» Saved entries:
..............................

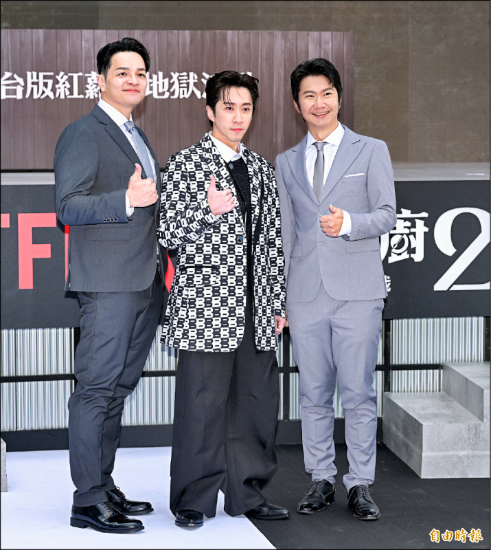 廚佛瑞德(左起)、陳漢典及阿辰師昨天一起為《黑白大廚:第2季》造勢。
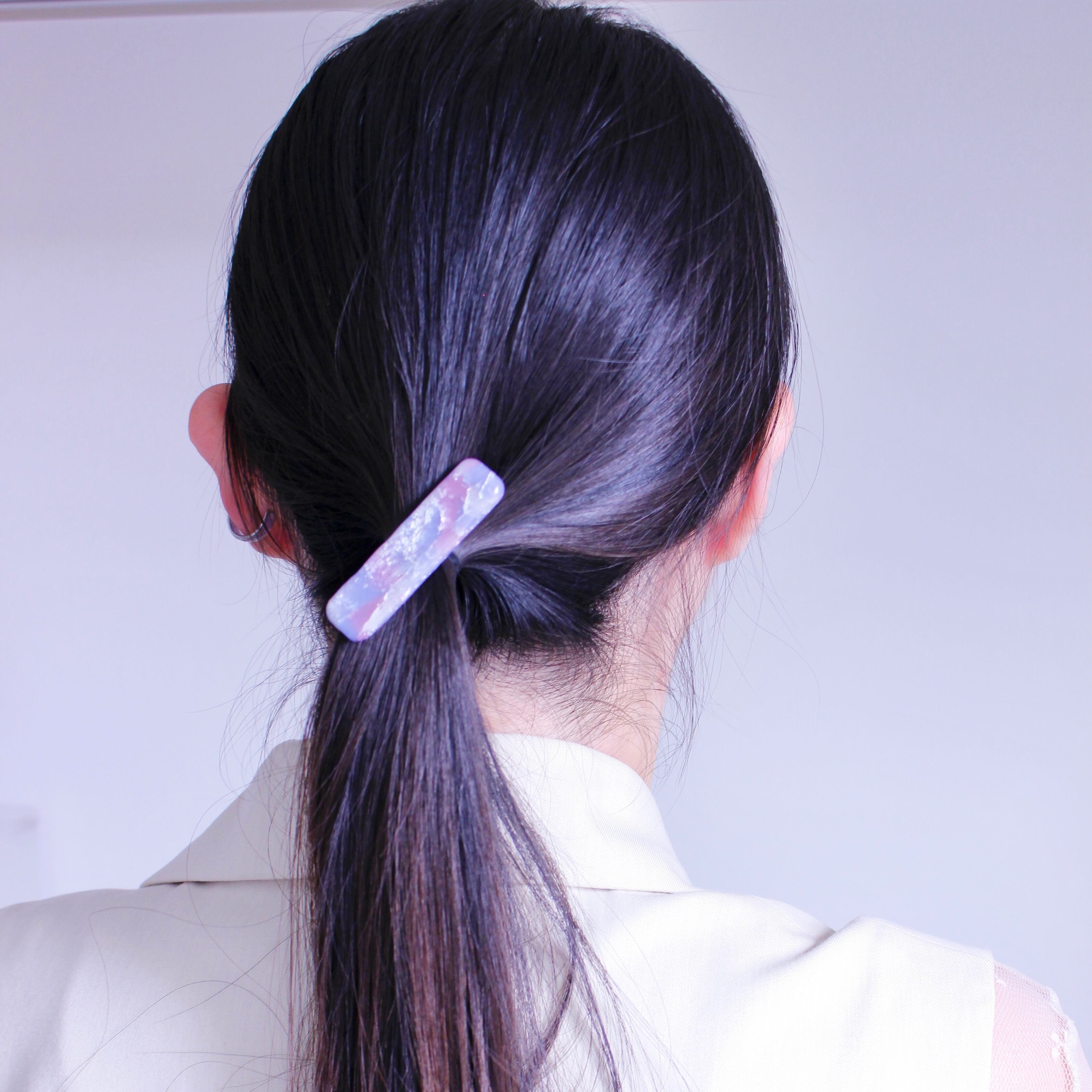 シンプルなスクエア型にしたヘアクリップ
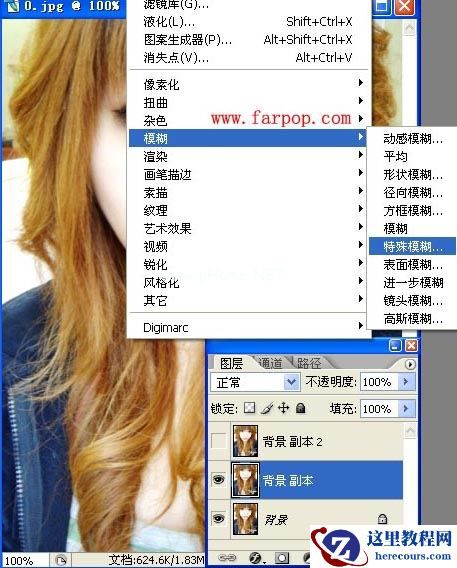 3、在背景副本图层中,选择菜单栏中的滤镜-->模糊-->特殊模糊。
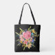 Uma rosa-rosa-esbranquiçada é a peça central deste spray floral colorido. Outras cores incluem amarelo, pêssego, lacrimejo, roxo, azul e laranja.
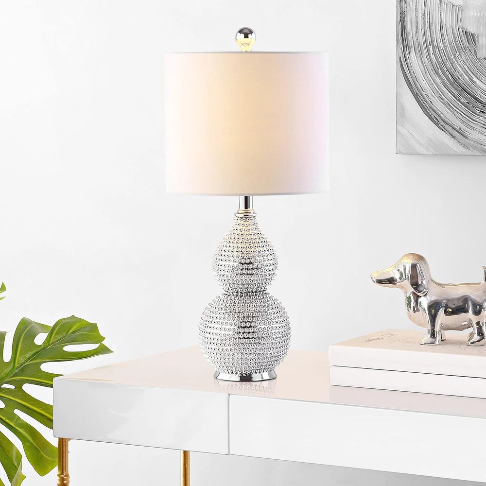 Store New Arrivals Add to Favorite View Feedback Contact Lighting Collection Clarabel Silver Chrome Studded 20-Inch Bedroom Living Room Home Office Desk Nightstand Table Lamp (LED Bulb Included) Description Light Source Type 1 Age Range Description Adult Style Scandinavian Base Diameter 1E+1 Inches Number of Items 1 Power Source Corded Electric Number of Light Sources 1 Material Type Resin Is Electric Yes Lighting Method LED Finish Types Silver Lamp Type Table Lamp Is Product Cordless No Number of Pieces 1 Item Shape Round Room Type Office, Living Room Product Dimensions 10"D x 20"W x 20"H Model Number TBL4042A Installation Method Tabletop Finish Type Silver Specific Uses For Product Decoration, Living Room, Bedroom, Office Brightness 550 Lumen Control Method Touch Item Weight 3 Pounds Connectivity Technology USB Special Features Corded Mount Type protruding Bulb Base E26 Shade Color Off-white Color Silver Item Dimensions D x W x H 10"D x 20"W x 20"H Indoor Outdoor Usage Indoor Base Material metal,resin Global Trade Identification Number 00889048352322 Is Waterproof False Voltage 120 Volts Recommended Uses For Product Table Lamps Shade Material Fabric Included Components Table Lamp Wattage 9 watts Switch Type Rocker Resin This table lamp will add a fresh look to any room This silver table lamp features a off-white shade Crafted of resin with a cotton shade Perfect for a living room, bedroom, family room, den, library, or study For over 100 years, Safavieh has been crafting products of the higest quality and unmatched style The couture boutique of Paris’ top fashion designer was the inspiration for this chrome 20-inch table lamp. Its radiant silver finish highlights its dramatic texture complements its chrome metal detail, creating an instant focal point in any living room. ABOUT US We offer the best prices around on high quality products. Our E-store includes media such as books, movies, music and games while offering electronics, toys, sporting apparel, clothing, tools, general home, garden items and more. SHIPPING We are always working hard to ensure your package arrives as soon as possible. Please understand that some factors like weather, high postal traffic, and the performance of shipping companies are outside of our control. We offer free shipping to the lower 48 states and ship within 2 business days of payment, usually sooner. We do not accept P.O. Boxes. Please provide a physical address. For shipping outside of the continental USA, we only use eBay's Global Shipping Program.The item is shipped to KY and then sent to the rest of the world. International customers are responsible for all duties and taxes. Continue to check out in order to calculate costs for shipping the item to your country. Messages regarding eBay's Global Shipping Program MUST be directed at eBay EXCLUSIVELY. RETURNS We offer a 30-Day Return Policy on items which you are not completely satisfied with. You have the option for a full-refund or an exchange of the item. No returns are available on items shipped outside of the USA. PAYMENT We accept PayPal. CONTACT US This page content is yet to come Please ad us to your favorite seller and visit again later Thank You CUSTOMER SATISFACTION We try our very best to make sure every customer is completely satisfied. If there's a problem, message us! We're happy to help. WE ACCEPT Copyright © 2021 AutoDS. | All Rights Reserved

..............................

» Exercise prompt: What you return must match the lines above from the one with "3、在背景副本图层中,选择菜单栏中的滤镜-->模糊-->特殊模糊。" through the one with "Uma rosa-rosa-esbranquiçada é" exactly, with both ends included and the pictures excluded.

» Output of the exercise:
 3、在背景副本图层中,选择菜单栏中的滤镜-->模糊-->特殊模糊。
 Uma rosa-rosa-esbranquiçada é a peça central deste spray floral colorido. Outras cores incluem amarelo, pêssego, lacrimejo, roxo, azul e laranja.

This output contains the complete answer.